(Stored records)
__________

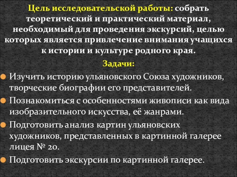 Цель исследовательской работы: собрать теоретический и практический материал, необходимый для проведения экскурсий, целью которых является привлечение внимания учащихся к истории и культуре родного края.
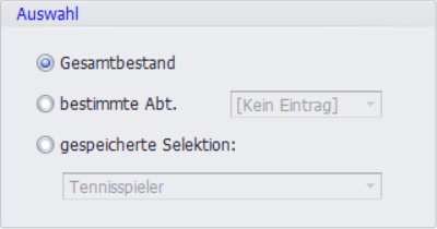 Für den Mahnlauf können Sie einstellen, ob bei der Erstellung der Mahnungen der Gesamtbestand, bestimmte Abteilungen oder eine gespeicherte Selektion. | |
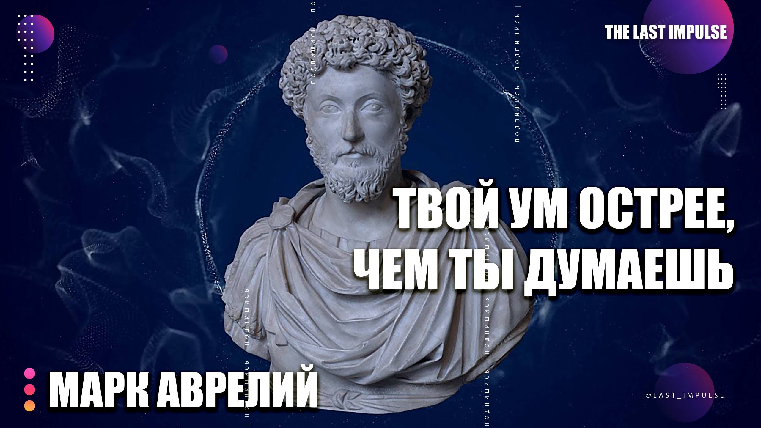 🧠 «Ваши мысли — алмазы. Пора их огранть!» Марк Аврелий, император-стоик, управлял империей через хаос, потому что знал: ясность мышления — оружие сильнее меча. Подписывайтесь на нас: tg - https://t.me/last_impulse vk - https://vk.com/last_impulse rutube - https://rutube.ru/channel/28242584/ Яндекс.Дзен - https://dzen.ru/last_impulse
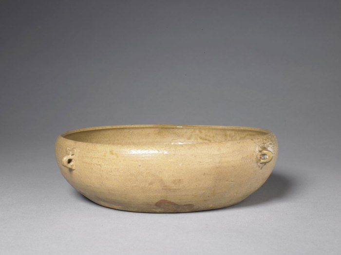 The ancient celadon glaze colours of excavated items have a different glaze colour compared to when they were just made. Due to ‘secondary oxidation’ the glaze turned brownish. See for example the celadon basin from the Eastern Han Dynasty below:
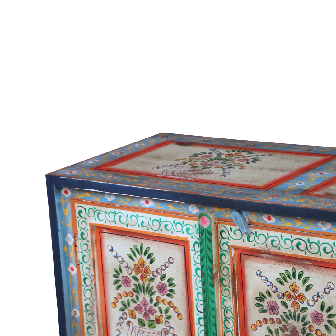 Bifes elaborados a mano en la India, en madera maciza y con tallas artesanales que hacen de cada pieza algo único. Combinan carácter decorativo y funcionalidad, ideales para guardar vajilla, textiles o piezas especiales.
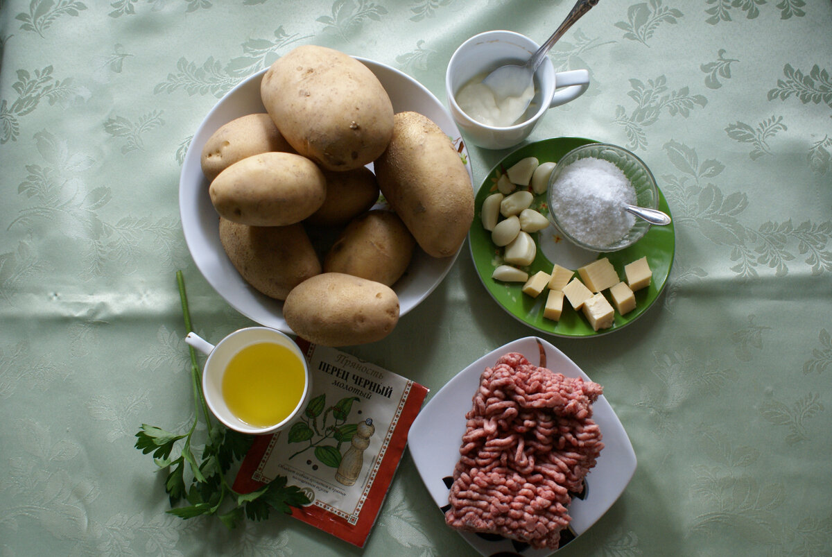 д) выложить поверх картофеля и чеснока слой фарша. Стараясь, чтобы слой получился равномерным;
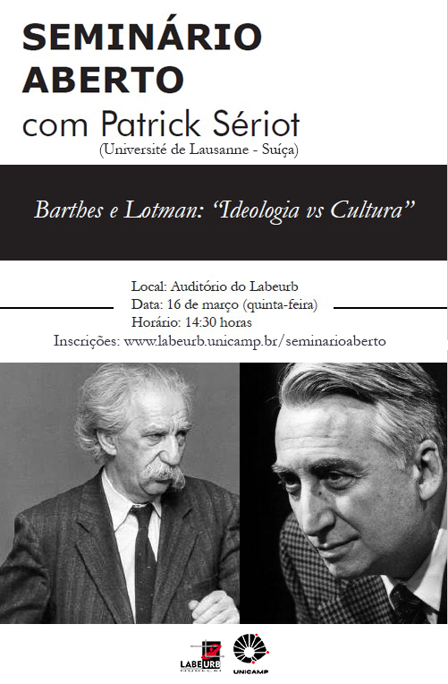 O Labeurb, Laboratório de Estudos Urbanos da Unicamp, vai promover no dia 16 de março o seminário aberto "Barthes e Lotman : ideologia versus cultura", com Patrick Sériot, titular da cadeira de linguística eslava na Universidade de Lausanne, na Suíça, e especialista em história e em epistemologia do discurso sobre a língua na Rússia e na União Soviética.
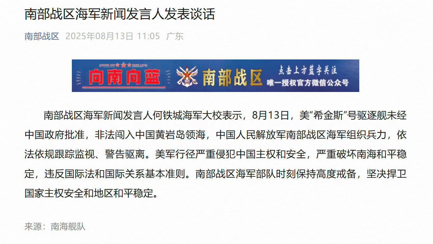 菲律宾刚闹腾完,美国人又开着军舰过来疯狂试探。8月13日,美国"希金斯"号驱逐舰未经中国政府批准,非法闯入中国黄岩岛领海,最后被中国海军监视驱离。按照我个人浅薄的看法,既然已经是领海,完全可以按照之前对待日本人的方式执行,开炮警告,不信美国人看到开炮了还敢闯进领海。
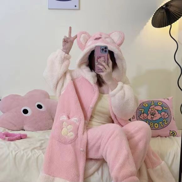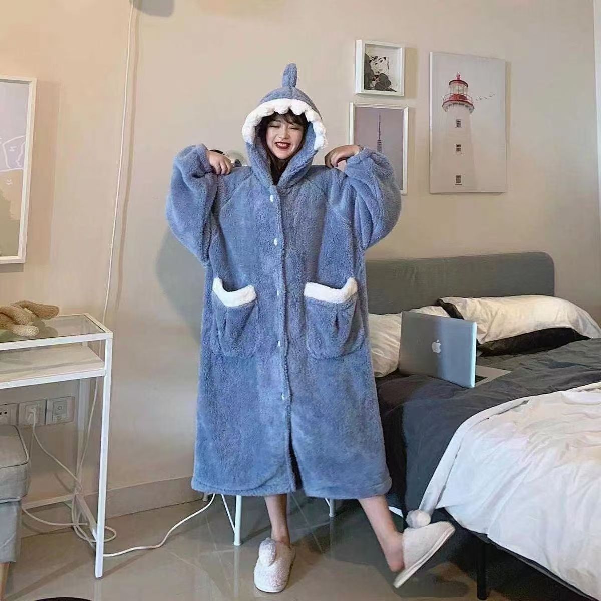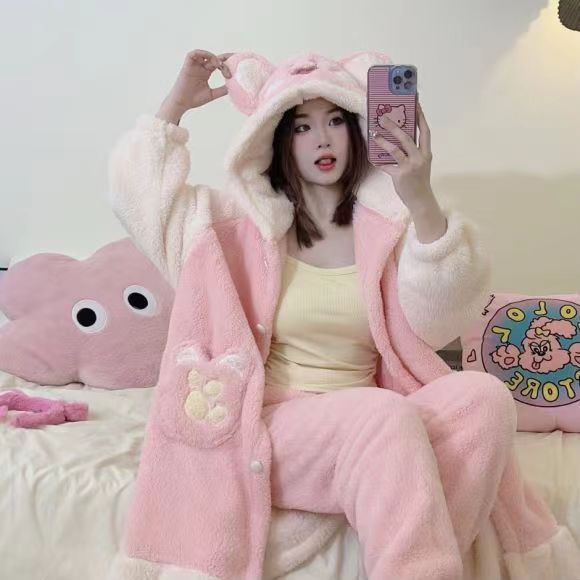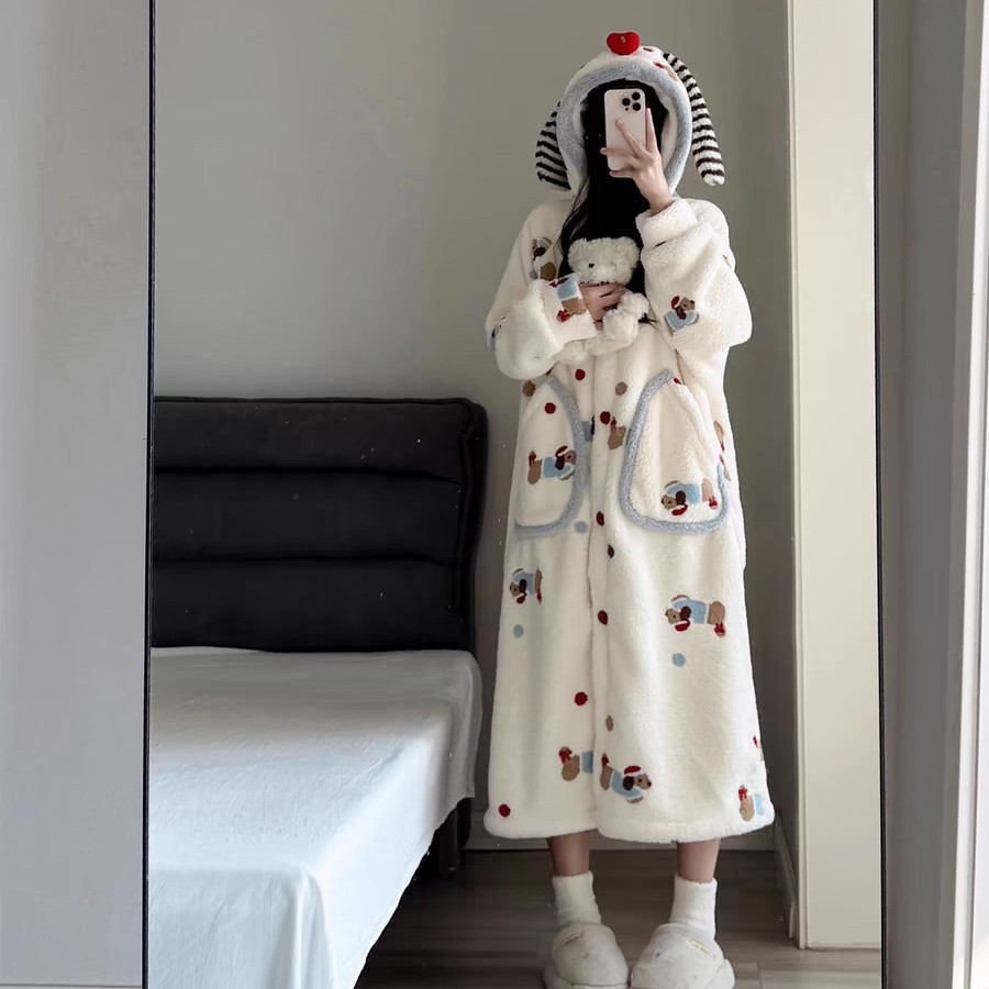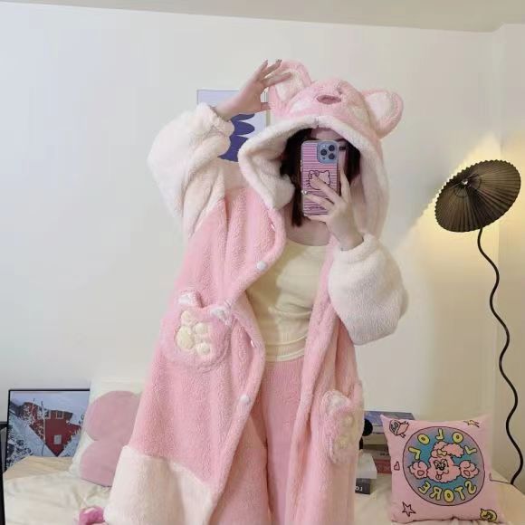 미운 물고기 공룡 파자마 리틀 비 폭스 산호 양털 나이트 가운 카피 발라 따뜻한 커플 홈 옷을 입을 수 있습니다스토어 가기

__________

[Requirement]: Write out, exactly and with no pictures, the lines of the data from the first through the line containing "Bifes elaborados a".

[Answer box]:
 Цель исследовательской работы: собрать теоретический и практический материал, необходимый для проведения экскурсий, целью которых является привлечение внимания учащихся к истории и культуре родного края.
 Für den Mahnlauf können Sie einstellen, ob bei der Erstellung der Mahnungen der Gesamtbestand, bestimmte Abteilungen oder eine gespeicherte Selektion. | |
 🧠 «Ваши мысли — алмазы. Пора их огранть!» Марк Аврелий, император-стоик, управлял империей через хаос, потому что знал: ясность мышления — оружие сильнее меча. Подписывайтесь на нас: tg - https://t.me/last_impulse vk - https://vk.com/last_impulse rutube - https://rutube.ru/channel/28242584/ Яндекс.Дзен - https://dzen.ru/last_impulse
 The ancient celadon glaze colours of excavated items have a different glaze colour compared to when they were just made. Due to ‘secondary oxidation’ the glaze turned brownish. See for example the celadon basin from the Eastern Han Dynasty below:
 Bifes elaborados a mano en la India, en madera maciza y con tallas artesanales que hacen de cada pieza algo único. Combinan carácter decorativo y funcionalidad, ideales para guardar vajilla, textiles o piezas especiales.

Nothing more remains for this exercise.